3. Approche expérimentale et analogique : une pédagogie


EN TRAVAUX août-septembre 2005

Les paragraphes qui suivent ont pour but d'une part de préciser un vocabulaire inhabituel aux enseignants de SVT , et d'autre part de mettre l'accent sur la nécessité de la formation mathématique pour quiconque souhaite comprendre des résultats expérimentaux.
Un approche différente mais aussi novatrice est celle de Lucien Dujardin dans son espace sur les régulations qui propose 8 boîtes noires à explorer (sous forme d'applet java) afin d'apprendre à mettre en évidence une dynamique à partir de l'observation de valeurs expérimentales (
http://perso.wanadoo.fr /l.d.v.dujardin/ regul/rep7 /index.html). Je vous recommande ce didacticiel, même non terminé (6 boîtes exploitables), qui est vraiment d'une grande utilité pédagogique. C'est une formation que l'on devrait proposer à tous les étudiants en sciences expérimentales.
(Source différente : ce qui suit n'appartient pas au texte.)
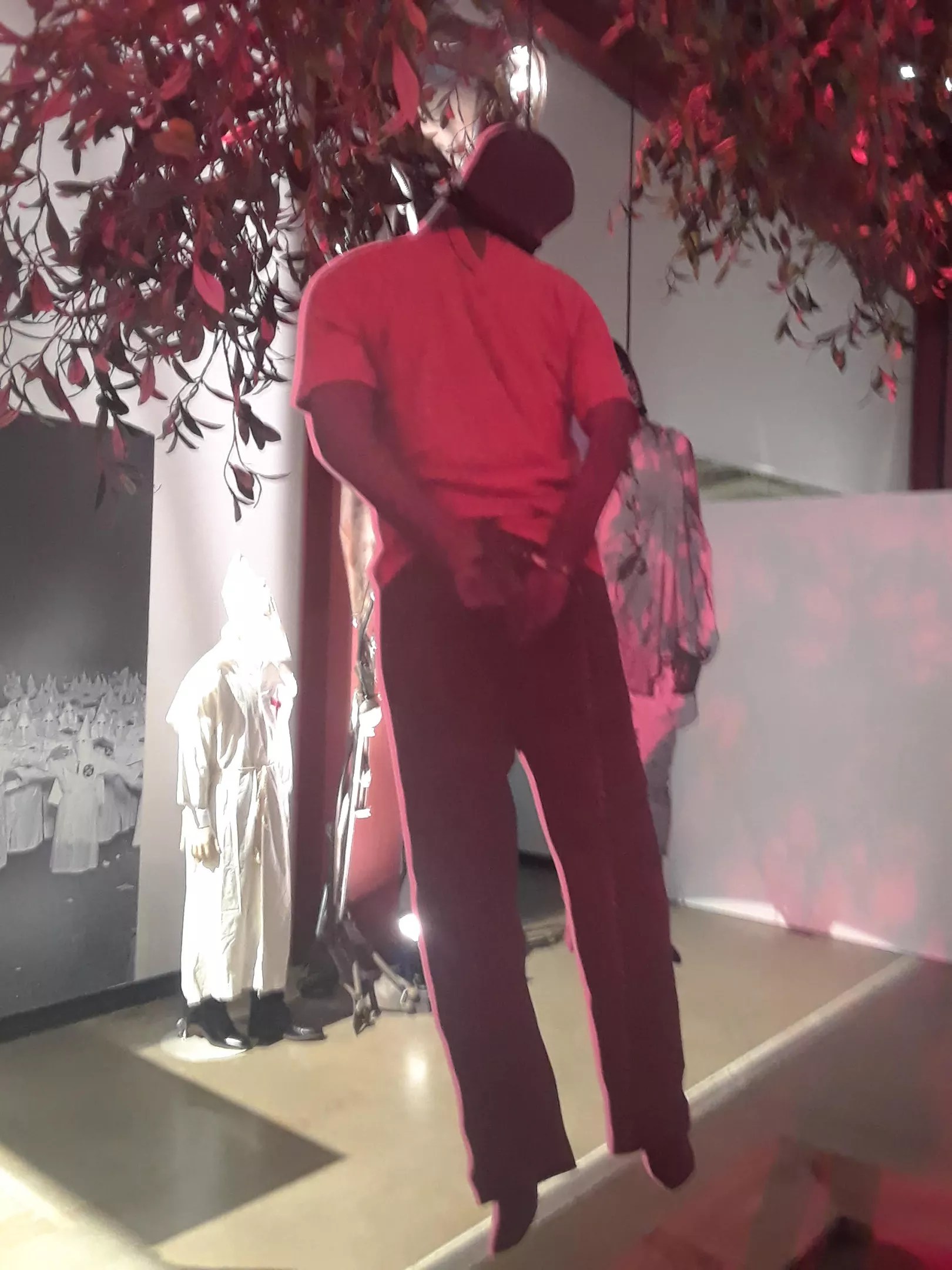 In the exhibit, department store mannequins wear Klu Klux Klan outfits. One was dressed as an ISIL fighter. Armed with an AR-15, he stood next to what I assumed were two journalists he planned to behead after the party. They were wearing orange jail threads and were locked in a cage from Marvel’s Thor Ragnarok movie.

3.1 - Tracer la caractéristique d'un système dynamique c'est faire l'hypothèse d'une fonction continue sous-jacente


En reprenant le graphisme utilisé dans la page sur les modèles. Si l'on représente (graphe ci-dessous ) les sorties en fonction des entrées pour un système vivant chaque point définit un état du système (dans l'espace Rn x Rr).


x,y...

p1,p2...

Dans une approche discontinue le nuage de points obtenu est interprété statistiquement (voir note) alors que dans une approche continue, les points sont représentatifs d'une application de Rr vers Rn qui est une fonction (CONTINUE) si à une entrée (p1) on ne fait correspondre qu'un nombre fini de sorties (x). La fonction est représentée par un graphe que l'on peut appeler la caractéristique du système (que l'on pourrait définir comme un tracé de la dynamique). Pour un thermodynamicien les x, y... (sorties) sont les solutions du système (sous entendu des équations décrivant le système) dont les p1, p2... (entrées) sont les paramètres. Mais je prendrai surtout des exemples mécaniques qui me sont plus familiers que ceux issus de la thermodynamique.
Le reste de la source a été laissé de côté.